*** DATASET EXTRACT Section Begins ***

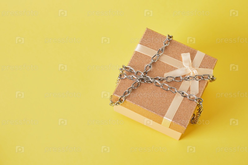 Блестящая розовая квадратная подарочная коробка, перевязанная цепью на желтом фоне
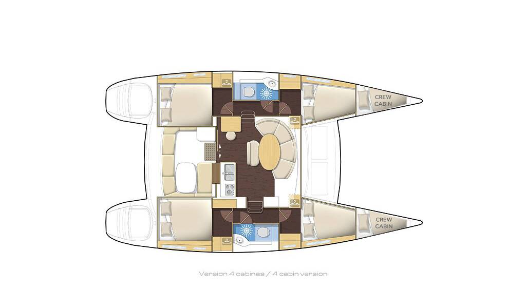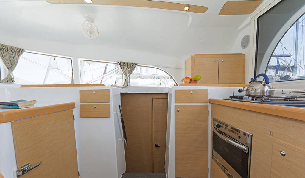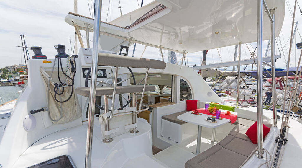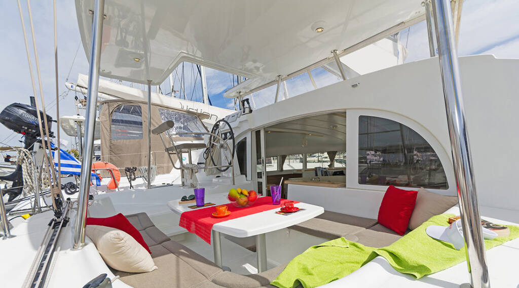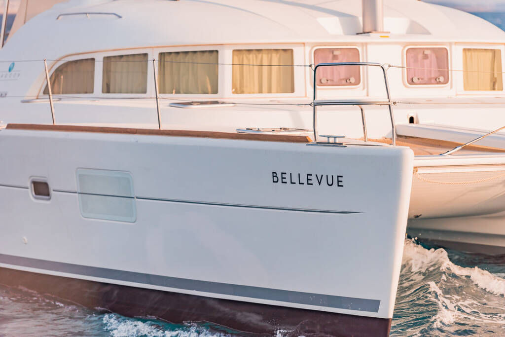 Katamaran Lagoon 380 Bellevue, Baujahr 2015, liegt im Lavrion, main port, Athens area/Saronic/Peloponese, Griechenland vor Anker. Es verfügt über 4 + 2 Kabinen und bietet Platz für 8 + 2 Personen mit 2 Toiletten.
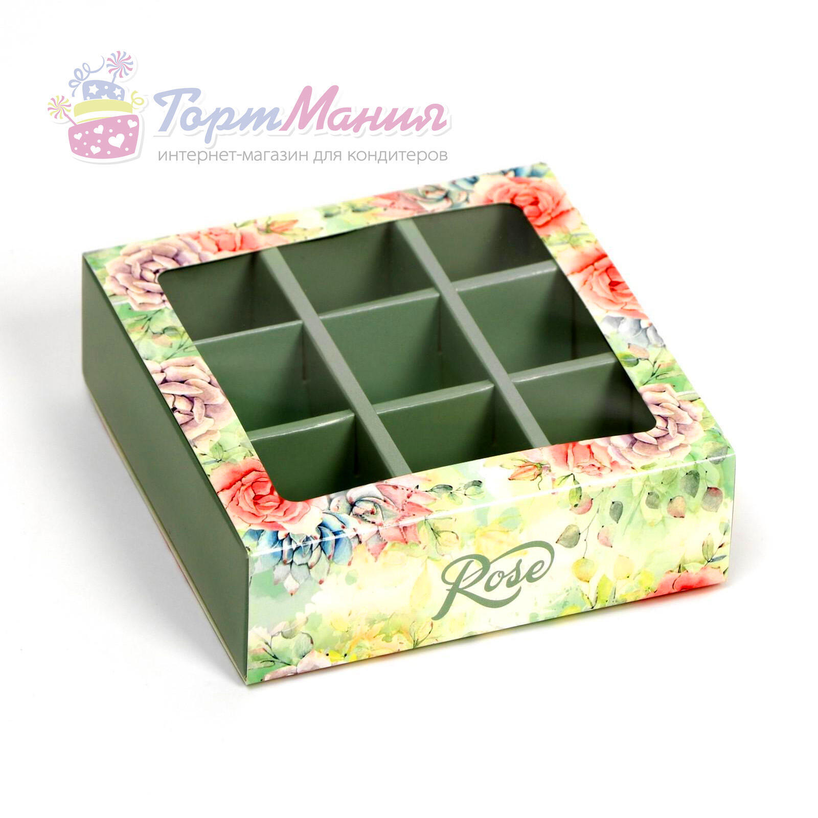 Упаковка для конфет на 9 штук, зеленая «Rose»
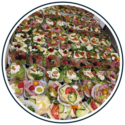 Unsere Snacks Die schnelle Brotzeit zwischendurch! • Belegte Baquettes • Belegte Fladenbrote • Hamburger mit hausgemachten Patty • Panini frisch aus dem Kontaktgrill • Belegte Stangen • usw. Leckere Delikatess Salate aus eigener Herstellung • Wurstsalat • Käsesalat • Schinkensalat • usw.
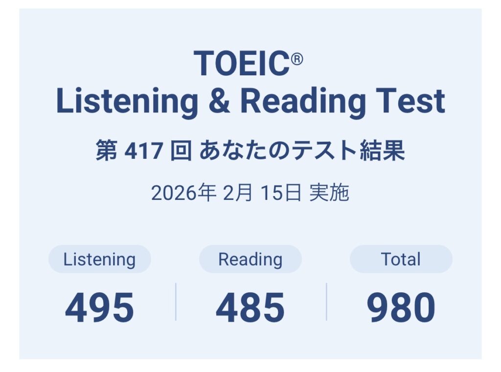 10年ぶりのTOEIC。結果は980点とこれから…
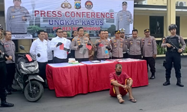 “Berdasarkan informasi dari masyarakat dan beberapa korban, pelaku berhasil kami amankan kemarin di Kecamatan Curahdami,” ungkap Kapolres saat konferensi pers di Mapolres Bondowoso, Senin (24/07/2023).
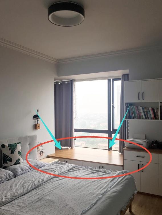 当初设计的时候,媳妇就硬把主卧的窗台“加宽”1m。所以就形成了现在的假飘窗区域,找的就是定制柜子的厂家做的,其实让木工师傅做也可以,定制的尺寸还是有点误差,不过可以选择的样式多,周期也长一些。
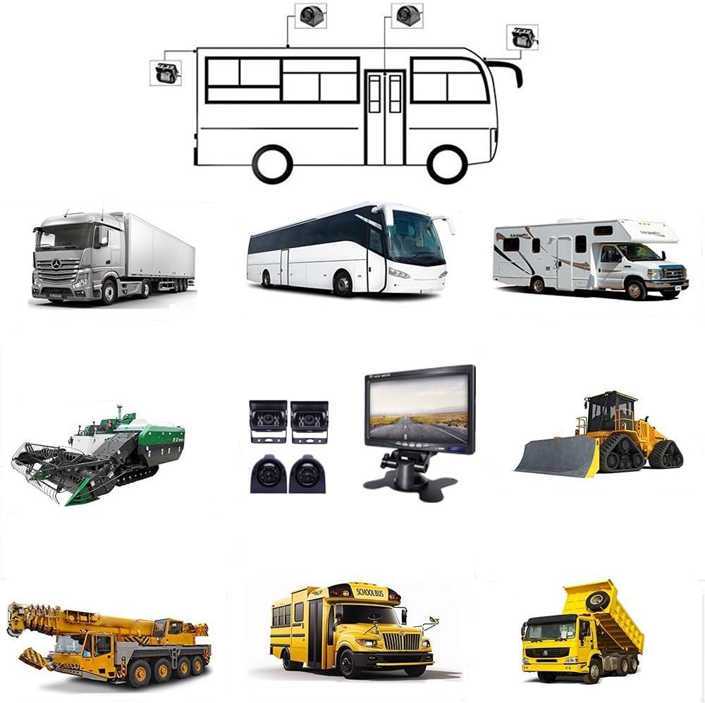 - 4PCS NIGHT VISION CAMERAS: 2pcs Rear View Cameras with 18 Infrared Lights and 7030 HD CMOS Sensor + 2pcs Side View cameras. The cameras are IP67 Waterproof for full potential on any season, 170 degree wide angle let you have a broader perspective
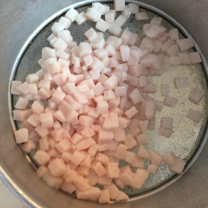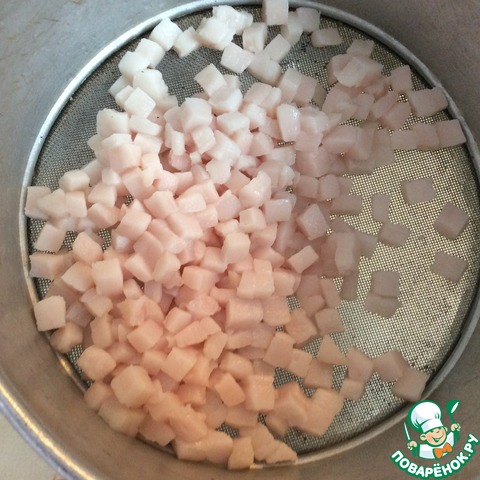 Ошпариваем кубики сала и перемешиваем, чтобы каждый кубик был "помыт". Теперь жир не будет "выпадать" из колбасы.
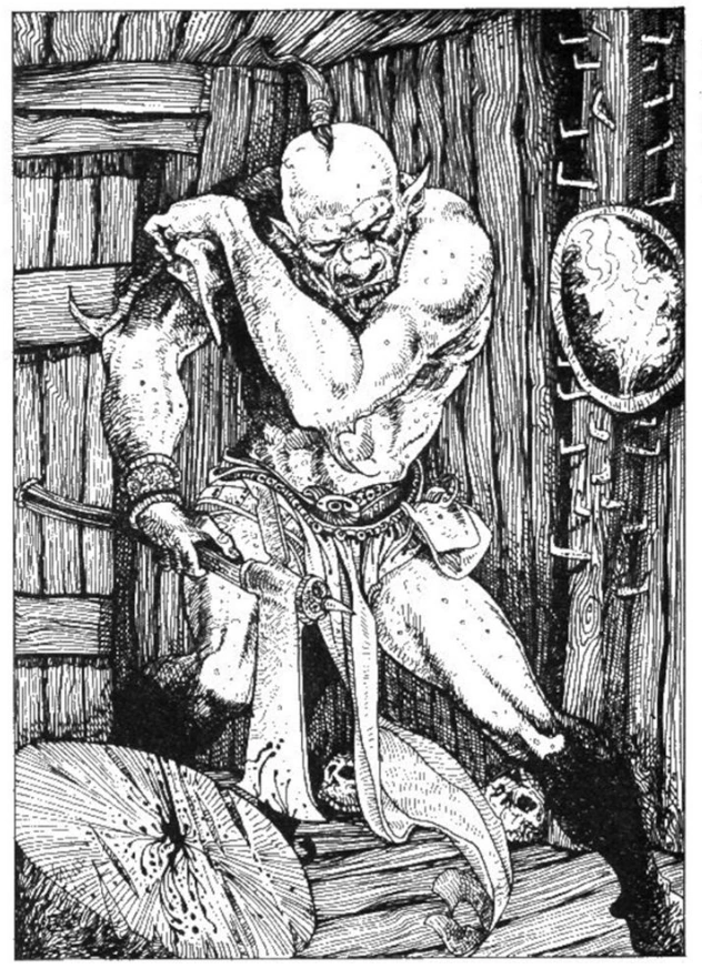 They resembled eight feet heigh muscular goblins, and their skin was thick and brown in colour.[1] In battle most garks fought aggressively and erratically with axes or oversized cleavers.[1]
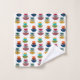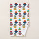This towel set has a mid-century modern design of semicircles stacked in three in retro colours on a field of white. Want the same design with different colours? Message me.

*** DATASET EXTRACT Section Ends ***

● **THE PROBLEM**: Images are to be excluded, and each record above written out word for word.

● **ANSWER SECTION**:
 Блестящая розовая квадратная подарочная коробка, перевязанная цепью на желтом фоне
 Katamaran Lagoon 380 Bellevue, Baujahr 2015, liegt im Lavrion, main port, Athens area/Saronic/Peloponese, Griechenland vor Anker. Es verfügt über 4 + 2 Kabinen und bietet Platz für 8 + 2 Personen mit 2 Toiletten.
 Упаковка для конфет на 9 штук, зеленая «Rose»
 Unsere Snacks Die schnelle Brotzeit zwischendurch! • Belegte Baquettes • Belegte Fladenbrote • Hamburger mit hausgemachten Patty • Panini frisch aus dem Kontaktgrill • Belegte Stangen • usw. Leckere Delikatess Salate aus eigener Herstellung • Wurstsalat • Käsesalat • Schinkensalat • usw.
 10年ぶりのTOEIC。結果は980点とこれから…
 “Berdasarkan informasi dari masyarakat dan beberapa korban, pelaku berhasil kami amankan kemarin di Kecamatan Curahdami,” ungkap Kapolres saat konferensi pers di Mapolres Bondowoso, Senin (24/07/2023).
 当初设计的时候,媳妇就硬把主卧的窗台“加宽”1m。所以就形成了现在的假飘窗区域,找的就是定制柜子的厂家做的,其实让木工师傅做也可以,定制的尺寸还是有点误差,不过可以选择的样式多,周期也长一些。
 - 4PCS NIGHT VISION CAMERAS: 2pcs Rear View Cameras with 18 Infrared Lights and 7030 HD CMOS Sensor + 2pcs Side View cameras. The cameras are IP67 Waterproof for full potential on any season, 170 degree wide angle let you have a broader perspective
 Ошпариваем кубики сала и перемешиваем, чтобы каждый кубик был "помыт". Теперь жир не будет "выпадать" из колбасы.
 They resembled eight feet heigh muscular goblins, and their skin was thick and brown in colour.[1] In battle most garks fought aggressively and erratically with axes or oversized cleavers.[1]
This towel set has a mid-century modern design of semicircles stacked in three in retro colours on a field of white. Want the same design with different colours? Message me.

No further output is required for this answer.